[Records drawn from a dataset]
____________________

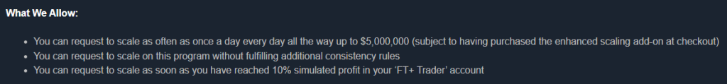FundedTradingPlusはプロ認定後のスケーリングの難易度が非常に簡単です。制限時間等は無く、「原資の10%以上の利益を獲得する」ことでスケーリング可能です。
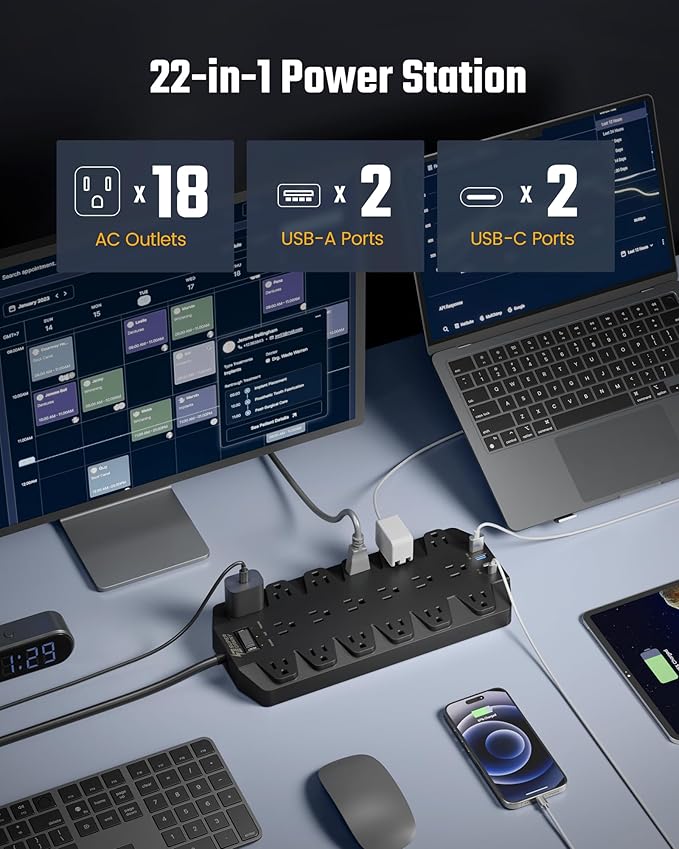 - 【22-in-1 Versatile Power Strip】SUPERDANNY heavy duty power strip equipped with 18 AC outlets, 2 USB-A ports, and 2 USB-C ports to gaming room or streaming, office desk, TV, phone, tablet, PC, laptop, and other devices simultaneously.
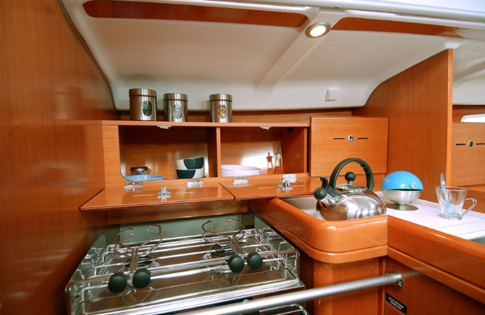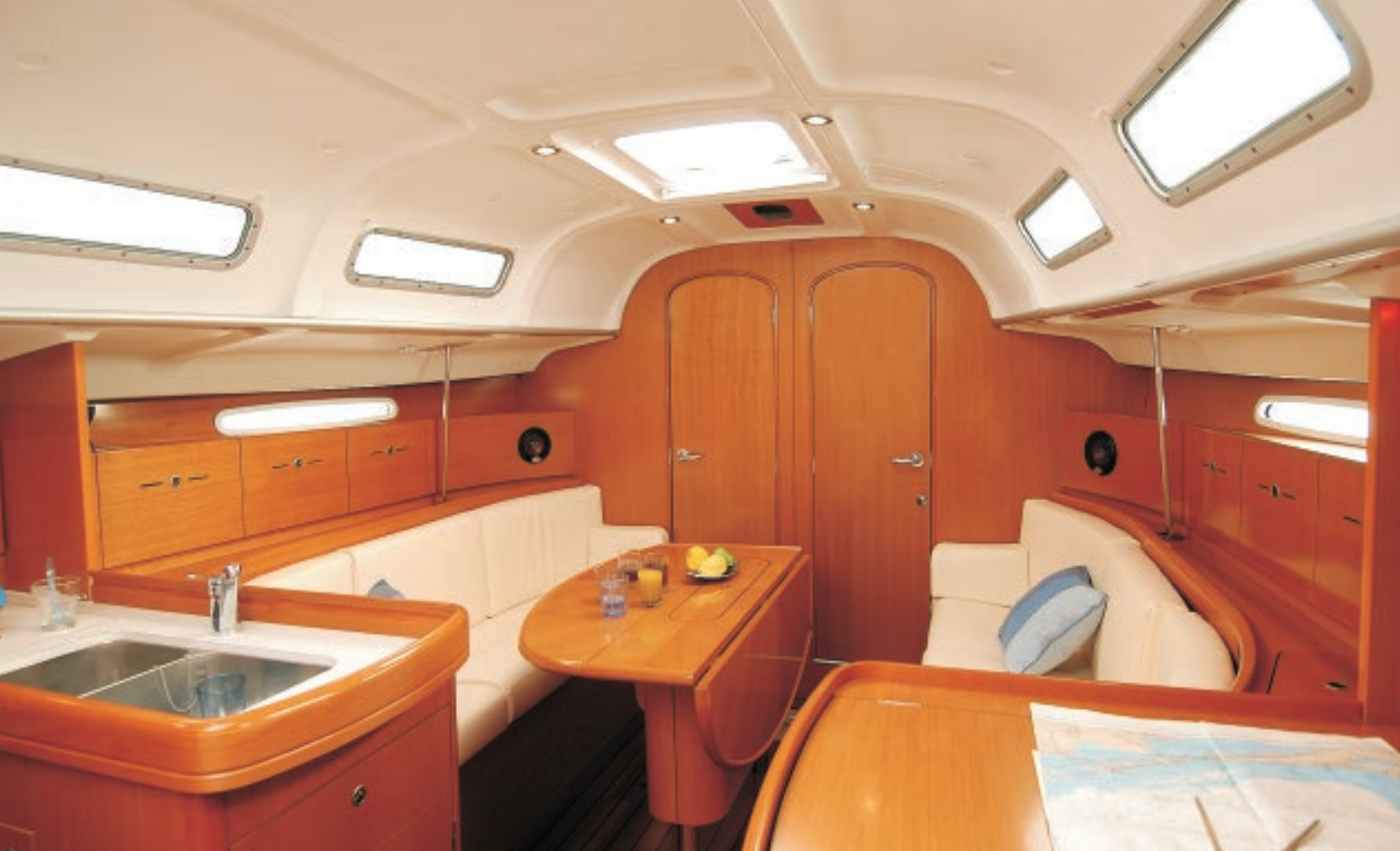Under dekk er det tre doble lugarer, godt utrustet pentry, romslig salong og bad med wc, dusj og servant. Innredningen er i lys eik/ pæretre som gir et lyst og eksklusivt preg.
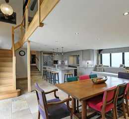 Continuing into the kitchen diner, the heart of the home. The ceramic tiled flooring with underfloor heating continues and exposed stone feature walls add character, while dual aspect windows flood the space with natural light. An open solid timber staircase with glazed balustrade rise to the first-floor landing and accommodation. The bar features a granite work surface, complemented by an under-counter wine fridge and ample drawer and cupboard storage. A set of timber French doors open to the Indian stone terrace, providing the perfect space for alfresco dining and entertaining guests.
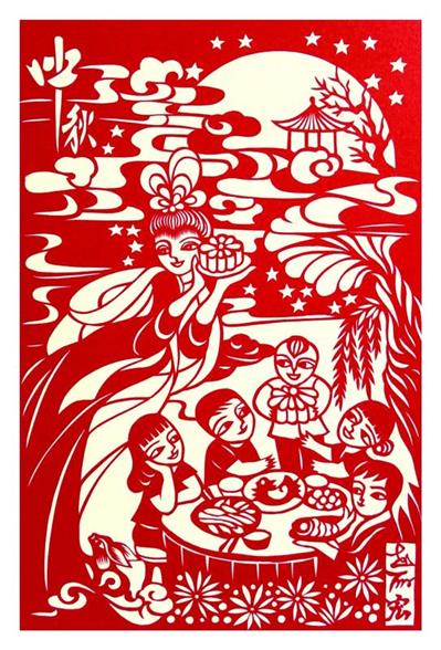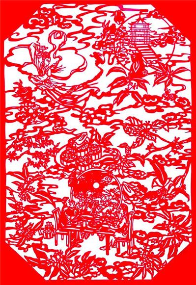 作品简介:作品下方描绘了中秋佳节祖孙三代六口人,在自家庭院喝菊花酒、吃月饼,说说笑笑赏月的情节,整个温暖的家庭氛围周围环绕着盛开的桂花。在桂枝的穿插中展示了神话传说故事中的月兔、嫦娥奔月、广寒宫等等。整个作品体现了在这花好月圆之夜一家人和谐、美好、团圆景象。
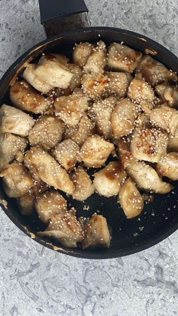 • Chauffe dans une poêle l’huile de graines : idéalement, ce serait celle de sésame mais l’huile d’arachide convient également. Ajoute le poulet et fais-le revenir à feu vif pendant quelques minutes.
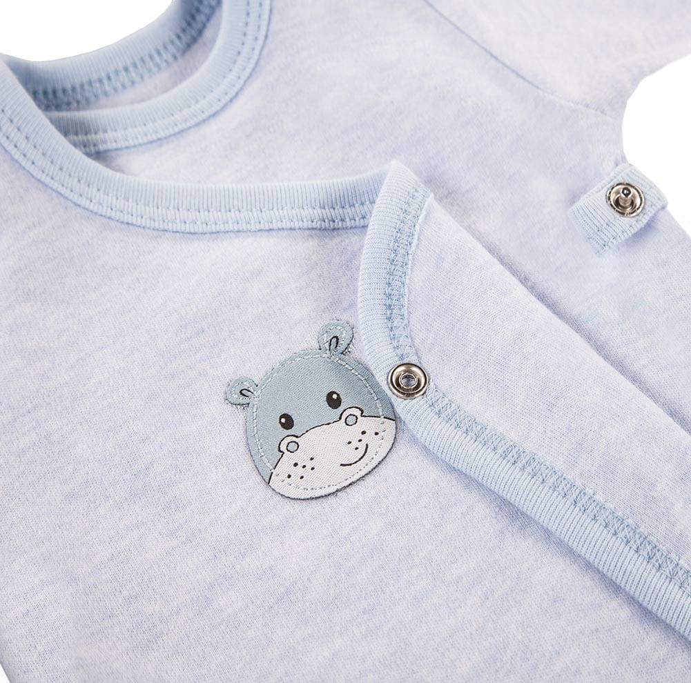 Blauer Wickelbody mit kurzen Ärmeln aus der Kollektion „Baby Love“, genäht aus weichem und angenehm anzufassendem meliertem Baumwollstrick. Auf der Vorderseite des Wickelbody befindet sich ein niedlicher Aufnäher mit einem Tiermotiv. Der Schnitt ermöglicht ein vollständiges Aufknöpfen, wodurch der Body funktional und bequem ist. Der Body ist mit einem weichen Saum versehen. Babybodys eignen sich ideal für die ersten Lebensmonate des Kindes und gehören zu den von Müttern am häufigsten gewählten Artikeln. Die Babykleidung von Eevi wird mit Sorgfalt für den Komfort und die Sicherheit der Haut Ihres Kindes hergestellt. Warum vertrauen Mütter seit Jahren der Marke Eevi? Die Produkte werden mit Sorgfalt und unter Verwendung von Materialien höchster Qualität genäht. Bei der Herstellung von Babykleidung verwenden wir ausschließlich ökologische Farben, die für die Haut von Kindern und Babys unbedenklich sind. Die Stickereien in unseren Produkten sind von innen gesichert, damit sie die empfindliche Haut des Kindes nicht reizen. Alle Druckknöpfe und Verschlüsse, die wir in unseren Produkten verwenden, sind nickelfrei. Die von uns angebotenen Bodys sind zertifiziert: „Sicher für Kinder” „Sicher für Babys” Material: 100 % hochwertige Baumwolle Alter des Kindes: 0 bis 6 Monate PRODUKT 100 % POLNISCH

____________________

Now transcribe the lines above exactly, starting at the line containing "作品简介:作品下方描绘了中秋" and ending at the line containing "pendant quelques minutes.", both lines included, pictures excluded.

 作品简介:作品下方描绘了中秋佳节祖孙三代六口人,在自家庭院喝菊花酒、吃月饼,说说笑笑赏月的情节,整个温暖的家庭氛围周围环绕着盛开的桂花。在桂枝的穿插中展示了神话传说故事中的月兔、嫦娥奔月、广寒宫等等。整个作品体现了在这花好月圆之夜一家人和谐、美好、团圆景象。
 • Chauffe dans une poêle l’huile de graines : idéalement, ce serait celle de sésame mais l’huile d’arachide convient également. Ajoute le poulet et fais-le revenir à feu vif pendant quelques minutes.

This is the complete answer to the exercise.